*EXERCISE*. Could you transcribe exactly the lines below, from the line with "30일 금융감독원이 발표한" through the line with "jar包冲突,如下图,提示有", and nothing else, leaving out the pictures?

*EXTRACTED INFORMATION*.
..........

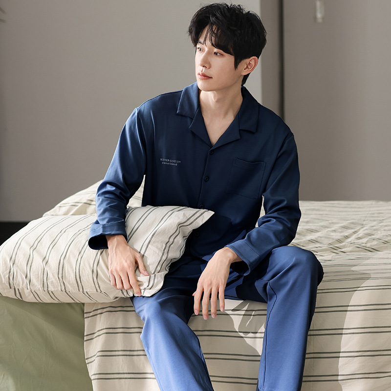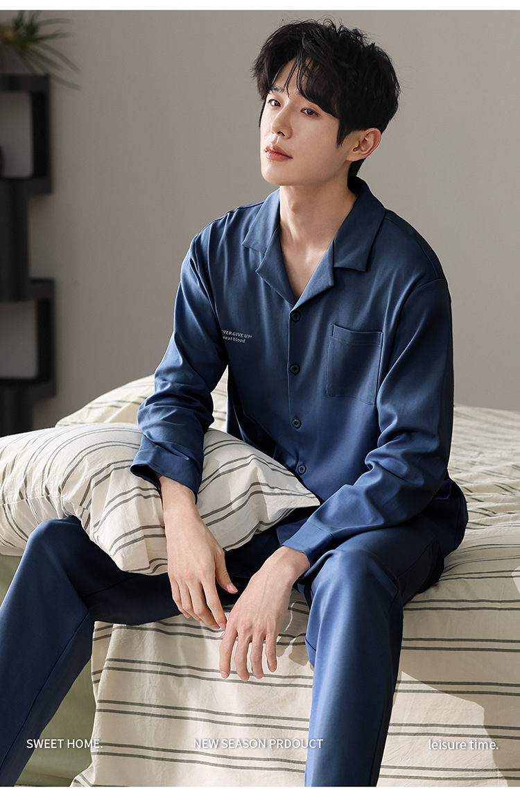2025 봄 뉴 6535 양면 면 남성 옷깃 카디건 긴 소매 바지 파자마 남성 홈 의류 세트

..........

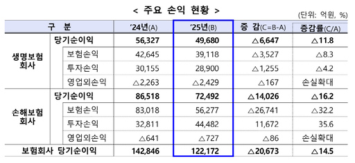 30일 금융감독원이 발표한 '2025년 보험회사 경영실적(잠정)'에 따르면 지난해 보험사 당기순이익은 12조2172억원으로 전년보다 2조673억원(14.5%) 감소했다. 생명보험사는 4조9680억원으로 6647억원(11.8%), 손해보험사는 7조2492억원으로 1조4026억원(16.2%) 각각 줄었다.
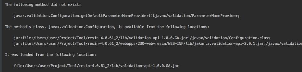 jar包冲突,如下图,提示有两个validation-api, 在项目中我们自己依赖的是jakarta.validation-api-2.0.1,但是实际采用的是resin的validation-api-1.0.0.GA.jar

..........

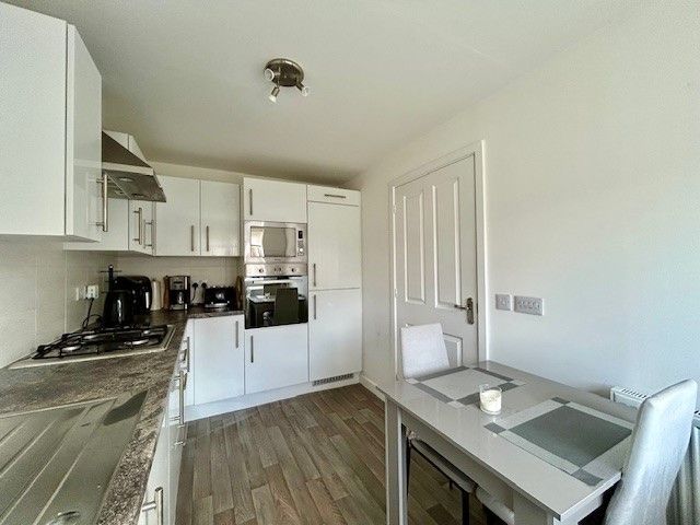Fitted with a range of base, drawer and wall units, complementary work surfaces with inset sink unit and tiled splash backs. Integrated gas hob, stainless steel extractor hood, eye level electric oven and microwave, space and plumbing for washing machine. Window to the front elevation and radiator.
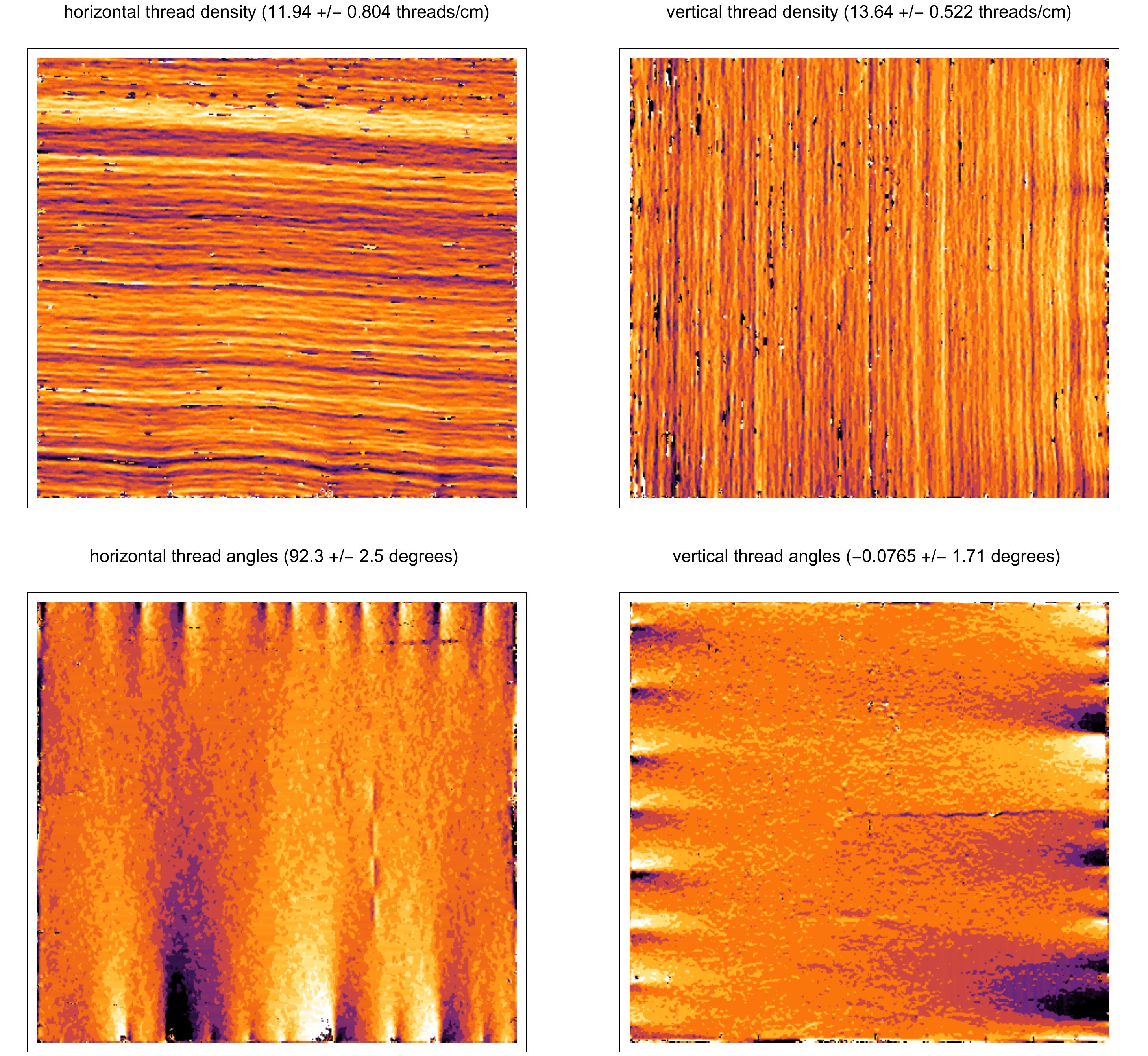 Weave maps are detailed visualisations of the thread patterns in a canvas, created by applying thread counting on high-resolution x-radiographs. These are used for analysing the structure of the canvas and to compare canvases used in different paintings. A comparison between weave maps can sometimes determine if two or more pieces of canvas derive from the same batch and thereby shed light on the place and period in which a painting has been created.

..........

*TASK SOLUTION*.
 30일 금융감독원이 발표한 '2025년 보험회사 경영실적(잠정)'에 따르면 지난해 보험사 당기순이익은 12조2172억원으로 전년보다 2조673억원(14.5%) 감소했다. 생명보험사는 4조9680억원으로 6647억원(11.8%), 손해보험사는 7조2492억원으로 1조4026억원(16.2%) 각각 줄었다.
 jar包冲突,如下图,提示有两个validation-api, 在项目中我们自己依赖的是jakarta.validation-api-2.0.1,但是实际采用的是resin的validation-api-1.0.0.GA.jar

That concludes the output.